2015-12-26 00:26:02 +00:00
John Baldwin
fe2ebb7644 Add support for configuring additional virtual interfaces (VIs) on a port.
Each virtual interface has its own MAC address, queues, and statistics.
The dedicated netmap interfaces (ncxgbeX / ncxlX) were already implemented
as additional VIs on each port.  This change allows additional non-netmap
interfaces to be configured on each port.  Additional virtual interfaces
use the naming scheme vcxgbeX or vcxlX.

Additional VIs are enabled by setting the hw.cxgbe.num_vis tunable to a
value greater than 1 before loading the cxgbe(4) or cxl(4) driver.
NB: The first VI on each port is the "main" interface (cxgbeX or cxlX).

T4/T5 NICs provide a limited number of MAC addresses for each physical port.
As a result, a maximum of six VIs can be configured on each port (including
the "main" interface and the netmap interface when netmap is enabled).

One user-visible result is that when netmap is enabled, packets received
or transmitted via the netmap interface are no longer counted in the stats
for the "main" interface, but are not accounted to the netmap interface.

The netmap interfaces now also have a new-bus device and export various
information sysctl nodes via dev.n(cxgbe|cxl).X.

The cxgbetool 'clearstats' command clears the stats for all VIs on the
specified port along with the port's stats.  There is currently no way to
clear the stats of an individual VI.

Reviewed by:	np
MFC after:	1 month
Sponsored by:	Chelsio
2015-12-03 00:02:01 +00:00
Navdeep Parhar
8faf57012b cxgbe(4): Save the flags for the last adapter-wide synchronized
operation that was initiated successfully.  (The caller and thread are
already recorded).

MFC after:	1 week
2015-08-19 15:40:03 +00:00
Navdeep Parhar
a1ed88571f cxgbe(4): Ask the firmware for the start of the RSS slice for a port and
save it for later.  This enables direct manipulation of the indirection
tables (although the stock driver doesn't do that right now).

MFC after:	1 month
2015-07-17 06:46:18 +00:00
Navdeep Parhar
9af71ab3bc cxgbe(4): Add a new knob that controls the congestion response of netmap
rx queues.  The default is to drop rather than backpressure.

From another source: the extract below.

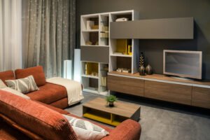 Comfortable seating furniture such as sofas and armchairs is essential in a living room because they provide relaxation and support for daily use. Arranging furniture around a coffee table helps create a cozy conversation area where people can sit together and interact easily. Many modern living rooms use sectional sofas or lounge chairs to maximize seating space. Adding cushions and soft fabrics also increases comfort while improving the visual appeal of the room. The right furniture arrangement can make the space feel more organized and inviting.

This decouples the congestion settings of NIC and netmap rx queues.

MFC after:	3 days
2015-07-06 20:56:59 +00:00
Navdeep Parhar
0e4cd4a2e0 cxgbe(4): Add the ability to dump mailbox commands and replies. It is
enabled/disabled via bit 0 of adapter->debug_flags (which is available
at dev.t5nex.<n>.debug_flags).

MFC after:	1 week
2015-06-16 12:36:29 +00:00
Navdeep Parhar
1605bac6fb cxgbe(4): set up congestion management for netmap rx queues.
The hw.cxgbe.cong_drop knob controls the response of the chip when
netmap queues are congested.
2015-02-24 18:40:10 +00:00
Navdeep Parhar
b3d44a6800 cxgbe(4): tidy up some of the interaction between the Upper Layer
Drivers (ULDs) and the base if_cxgbe driver.

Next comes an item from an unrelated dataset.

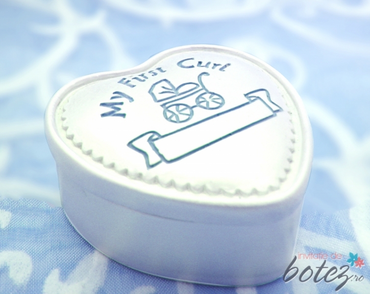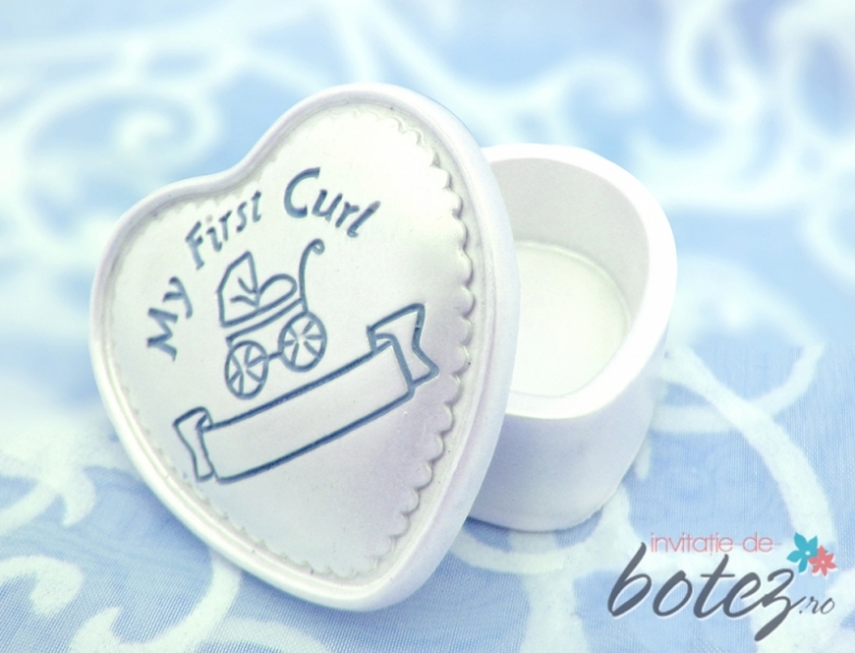 Cutiuta in forma de inimioara, confectionata din polirasina. Pe capacul cutiutei este ilustrat un carucior bleu si este inscriptionat textul "My First Curl".

Track the per-adapter activation of ULDs in a new "active_ulds" field.
This was done pretty arbitrarily before this change -- via TOM_INIT_DONE
in adapter->flags for TOM, and the (1 << MAX_NPORTS) bit in
adapter->offload_map for iWARP.

iWARP and hw-accelerated iSCSI rely on the TOE (supported by the TOM
ULD).  The rules are:
a) If the iWARP and/or iSCSI ULDs are available when TOE is enabled then
   iWARP and/or iSCSI are enabled too.
b) When the iWARP and iSCSI modules are loaded they go looking for
   adapters with TOE enabled and enable themselves on that adapter.
c) You cannot deactivate or unload the TOM module from underneath iWARP
   or iSCSI.  Any such attempt will fail with EBUSY.

MFC after:	2 weeks
2015-02-08 09:28:55 +00:00
Navdeep Parhar
d86a5ff917 cxgbe(4): a change to the synchronization rules within the the driver.
This is purely cosmetic because the new rules are already followed.

MFC after:	1 week
2015-02-08 08:42:45 +00:00
Navdeep Parhar
7951040f8a cxgbe(4): major tx rework.
a) Front load as much work as possible in if_transmit, before any driver
lock or software queue has to get involved.

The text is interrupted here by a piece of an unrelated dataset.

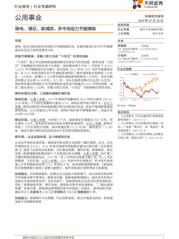 【天风证券】【20240730】公用事业行业报告:绿电、绿证、碳减排,多市场助力节能降碳-13页

b) Replace buf_ring with a brand new mp_ring (multiproducer ring).  This
is specifically for the tx multiqueue model where one of the if_transmit
producer threads becomes the consumer and other producers carry on as
usual.  mp_ring is implemented as standalone code and it should be
possible to use it in any driver with tx multiqueue.  It also has:
- the ability to enqueue/dequeue multiple items.  This might become
  significant if packet batching is ever implemented.
- an abdication mechanism to allow a thread to give up writing tx
  descriptors and have another if_transmit thread take over.  A thread
  that's writing tx descriptors can end up doing so for an unbounded
  time period if a) there are other if_transmit threads continuously
  feeding the sofware queue, and b) the chip keeps up with whatever the
  thread is throwing at it.
- accurate statistics about interesting events even when the stats come
  at the expense of additional branches/conditional code.

The NIC txq lock is uncontested on the fast path at this point.  I've
left it there for synchronization with the control events (interface
up/down, modload/unload).

c) Add support for "type 1" coalescing work request in the normal NIC tx
path.  This work request is optimized for frames with a single item in
the DMA gather list.  These are very common when forwarding packets.
Note that netmap tx in cxgbe already uses these "type 1" work requests.

d) Do not request automatic cidx updates every 32 descriptors.  Instead,
request updates via bits in individual work requests (still every 32
descriptors approximately).  Also, request an automatic final update
when the queue idles after activity.  This means NIC tx reclaim is still
performed lazily but it will catch up quickly as soon as the queue
idles.  This seems to be the best middle ground and I'll probably do
something similar for netmap tx as well.

e) Implement a faster tx path for WRQs (used by TOE tx and control
queues, _not_ by the normal NIC tx).  Allow work requests to be written
directly to the hardware descriptor ring if room is available.  I will
convert t4_tom and iw_cxgbe modules to this faster style gradually.

MFC after:	2 months
2014-12-31 23:19:16 +00:00
Navdeep Parhar
a7570ee305 Move KTR_CXGBE from t4_tom.h to adapter.h so that the base if_cxgbe
code can use it too.

MFC after:	1 week
2014-12-12 21:54:59 +00:00
Navdeep Parhar
b741402c40 cxgbe(4): allow the driver to use rx buffers that do not end on a pack
boundary.

MFC after:	2 weeks
2014-12-06 01:47:38 +00:00
Navdeep Parhar
e3207e1973 cxgbe(4): Allow for different pad and pack boundaries for different
adapters.  Set the pack boundary for T5 cards to be the same as the
PCIe max payload size.  The chip likes it this way.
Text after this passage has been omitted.